Exercise aim: Take the line with "Developed from Robert" and every line after it, through the end of the listing, and give them again exactly, pictures excluded.

Data listing:
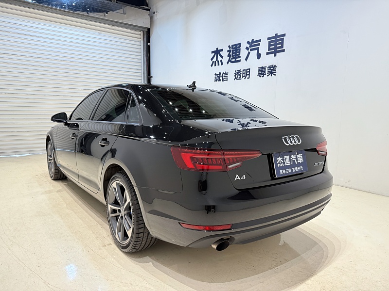 【杰運台北】2017 Audi A4 Sedan 40 TFSI LED頭燈 方向盤快控鍵 換檔撥片 分區恆溫空調 雙前座電動調整 後座出風口 衛星導航 10只揚聲器 免鑰匙啟動車門 定速巡航 倒車影像輔助 防盜系統
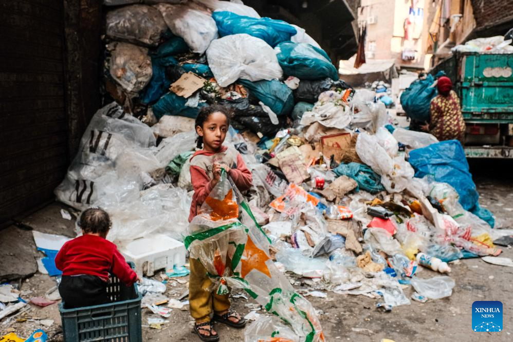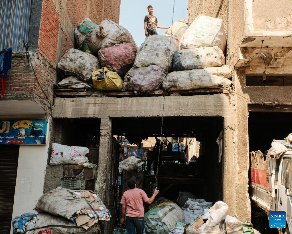 People recycle garbage at Manshiyat Naser, also known as Garbage City, in Cairo, Egypt, on April 21, 2026.(Xinhua/Xin Mengchen)
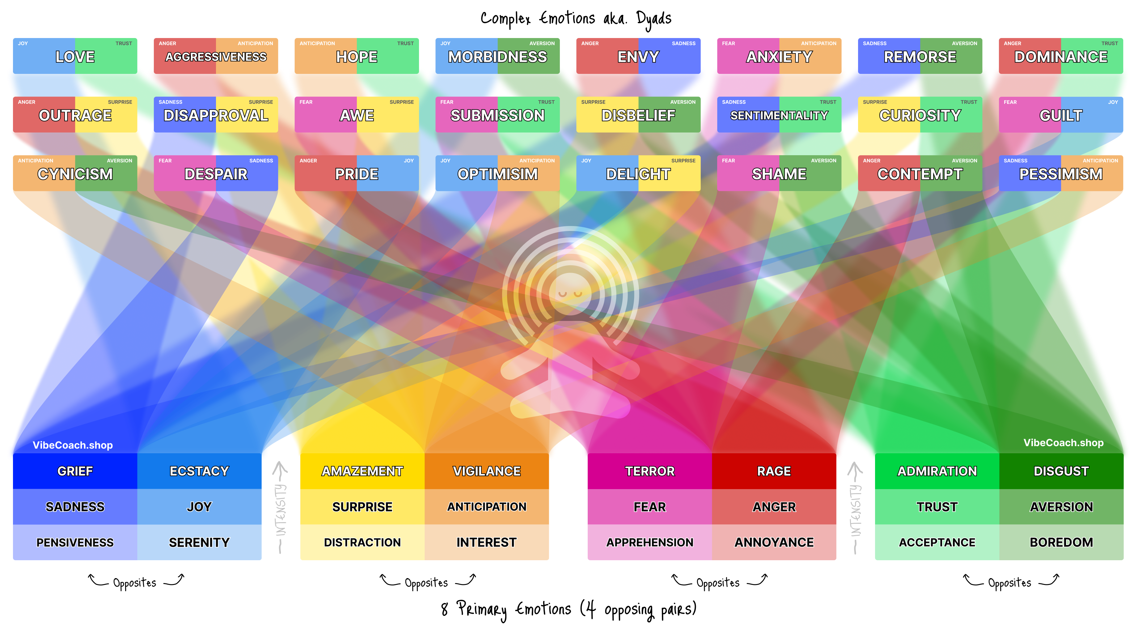Developed from Robert Plutchik's revolutionary "Wheel of Emotions," our Periodic Table of Emotions takes a step beyond traditional models that often limit the understanding to just six basic emotions. Our table incorporates eight foundational emotions, providing a more expansive and modern approach to emotional awareness. This innovative model is designed to help you understand and articulate your feelings with greater precision, ultimately enhancing your emotional intelligence and fostering personal growth.
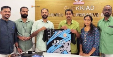 കെ.എസ്.ടി.എ നാദാപുരം ടീമിനായി ചെക്യാട് സർവീസ് സഹകരണ ബാങ്ക് ജേഴ്സി കൈമാറി
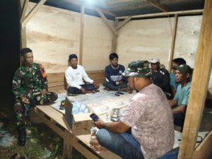 Dalam giat ini Sertu Hendi menyambangi warga yang sedang bertugas jaga di pos kamling serta memberi himbauan dan arahan.
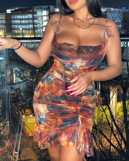 Colorblock Ruffles Ruched Bodycon Dress
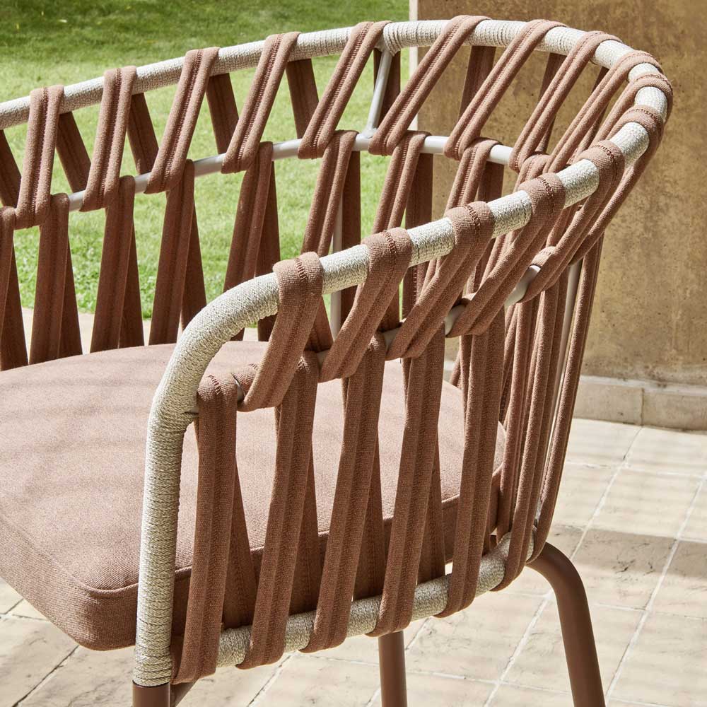 Tabouret de jardin avecstructure en aluminium peinte à la poudre époxy finition rouille, assise en tissu amovible couleur rouille et dossier enaluminium enrichi d'un entrelacement de cordons en tissu acrylique finition rouille, entièrement fabriqué en Italie . Une solution d'ameublement innovante et fraîche , idéale pour satisfaire le regard grâce à son esthétique élégante et moderne tout en offrant une assise accueillante et particulièrement confortable .

Solution to the problem:
Developed from Robert Plutchik's revolutionary "Wheel of Emotions," our Periodic Table of Emotions takes a step beyond traditional models that often limit the understanding to just six basic emotions. Our table incorporates eight foundational emotions, providing a more expansive and modern approach to emotional awareness. This innovative model is designed to help you understand and articulate your feelings with greater precision, ultimately enhancing your emotional intelligence and fostering personal growth.
 കെ.എസ്.ടി.എ നാദാപുരം ടീമിനായി ചെക്യാട് സർവീസ് സഹകരണ ബാങ്ക് ജേഴ്സി കൈമാറി
 Dalam giat ini Sertu Hendi menyambangi warga yang sedang bertugas jaga di pos kamling serta memberi himbauan dan arahan.
 Colorblock Ruffles Ruched Bodycon Dress
 Tabouret de jardin avecstructure en aluminium peinte à la poudre époxy finition rouille, assise en tissu amovible couleur rouille et dossier enaluminium enrichi d'un entrelacement de cordons en tissu acrylique finition rouille, entièrement fabriqué en Italie . Une solution d'ameublement innovante et fraîche , idéale pour satisfaire le regard grâce à son esthétique élégante et moderne tout en offrant une assise accueillante et particulièrement confortable .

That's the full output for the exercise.